Design and in vitro evaluation of an Fc-fusion epitope-based vaccine candidate against Helicobacter pylori.

Helicobacter pylori, a Group I carcinogen that infects over 50% of the global population, is a major contributor to gastric cancer and the growing crisis of antibiotic resistance. However, vaccine development has remained challenging due to the poor immunogenicity of candidate antigens and limitations in delivery strategies. To address this, we engineered a novel Fc-fusion vaccine targeting antigen-presenting cells (APCs) by fusing H. pylori UreB- and UreB- epitopes with Lpp20 lipoprotein to the murine IgG2a Fc domain (UreB: Lpp20: mFcγ2a). This study presents a preliminary, proof-of-concept evaluation of an Fc-fusion epitope-based vaccine candidate, focusing on in vitro characterization and APC-targeting properties. The construct was codon-optimized, expressed in Pichia pastoris, and purified via affinity chromatography.
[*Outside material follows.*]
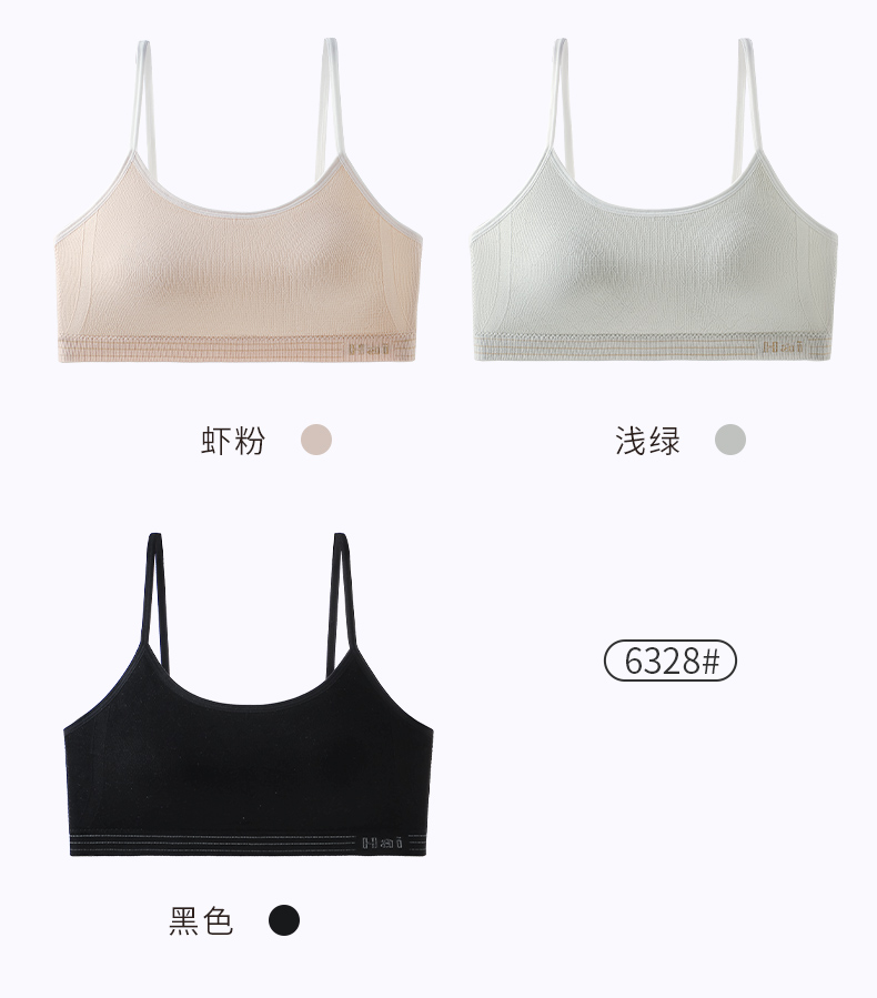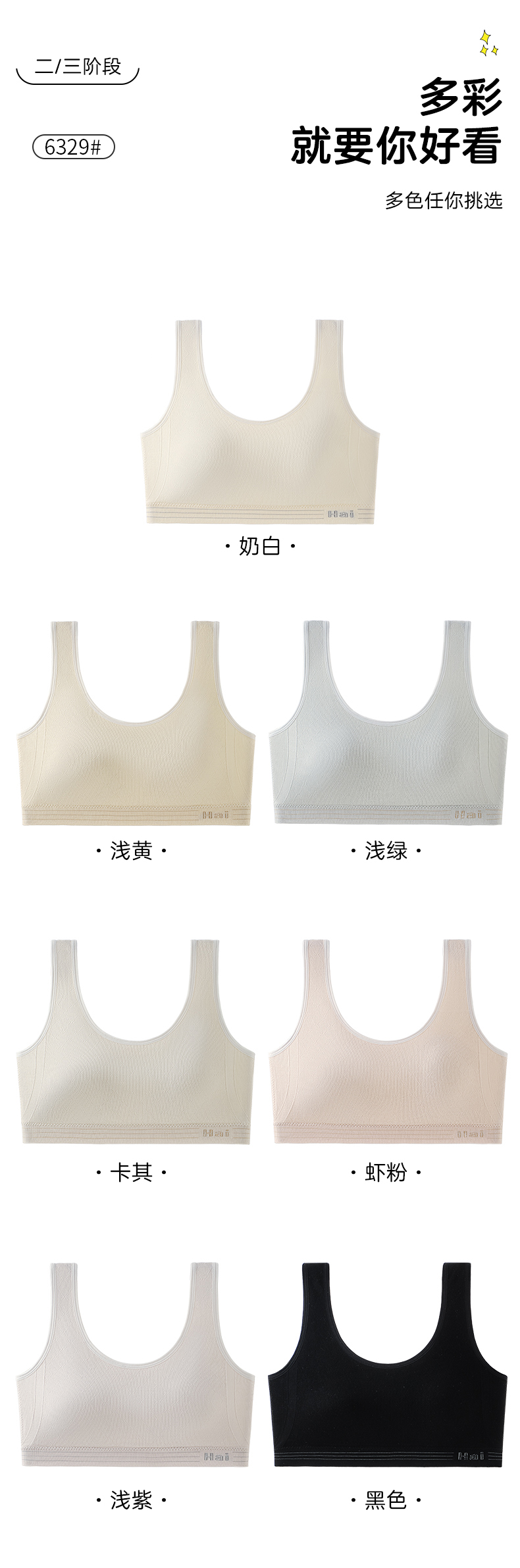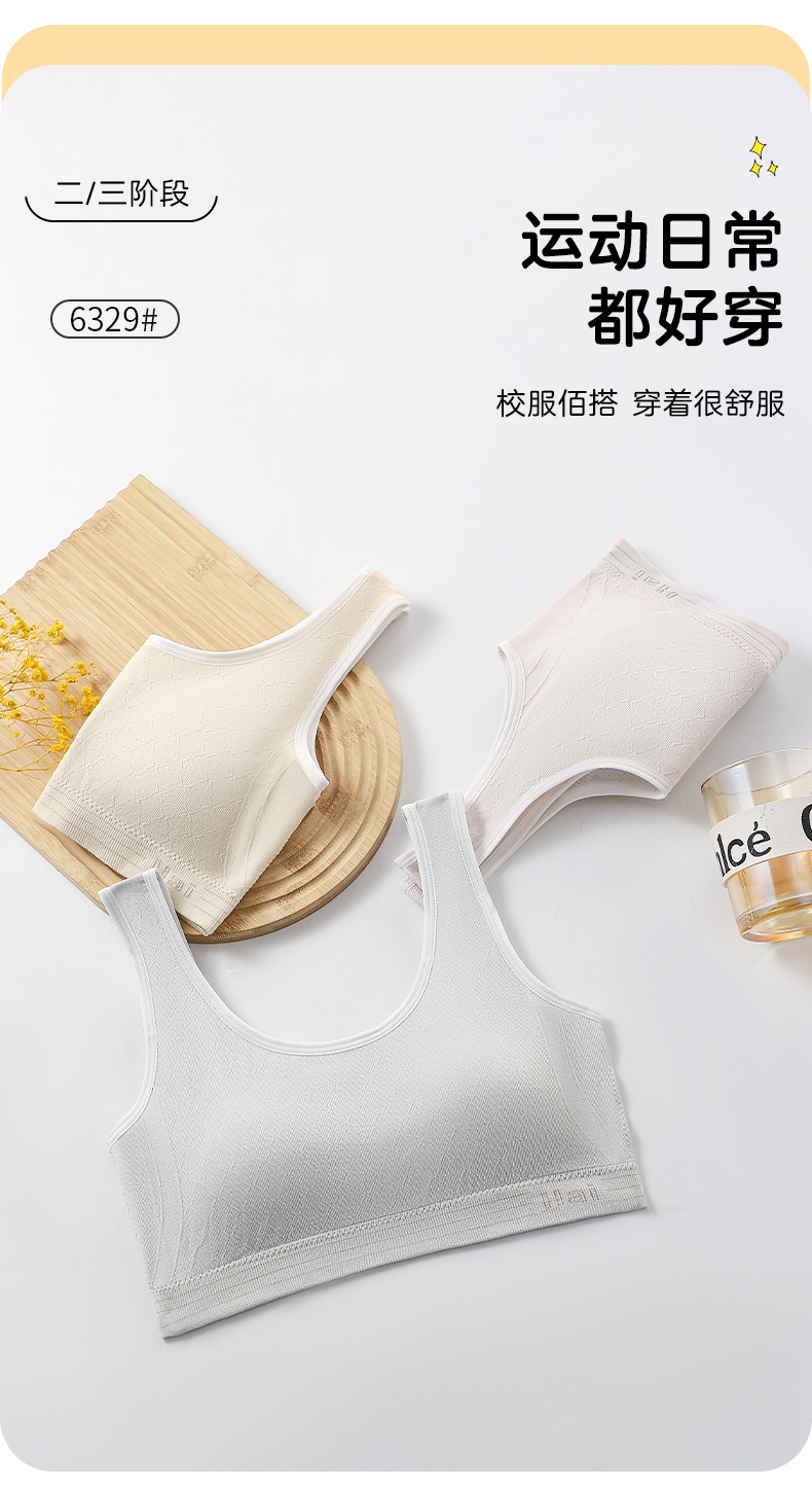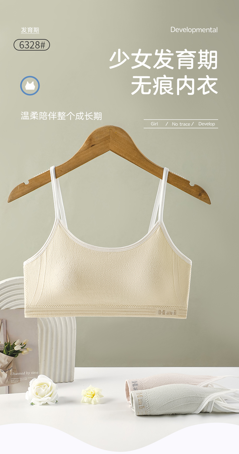 女士少女文胸无缝三阶段全固定杯少女Bra运动防震少女背心窄肩宽肩6328/6329

Expression levels in the mg/mL range, as determined by biochemical analysis, with >95% purity confirmed by SDS-PAGE and Western blot. Co-localization assays demonstrated 4.2-fold higher APC uptake of the Fc-fusion protein versus a His-tagged control (p < 0.001, unpaired t-test), mediated by FcγRI (CD64) binding. The protein maintained its structural stability for 30 days at 4 °C (<5% batch variability), underscoring manufacturing feasibility. While in vitro results validate APC targeting, limitations include preclinical scope and murine Fc compatibility gaps for human translation. This study established P. pastoris as a scalable platform for Fc-fusion vaccines, bypassing adjuvants and enhancing immunogenicity through conserved epitopes. Future work must evaluate in vivo efficacy in infection models and human Fc adaptations. These findings offer a blueprint for next-generation vaccines against H. pylori and other intracellular pathogens, urgently needed in antimicrobial resistance containment strategies.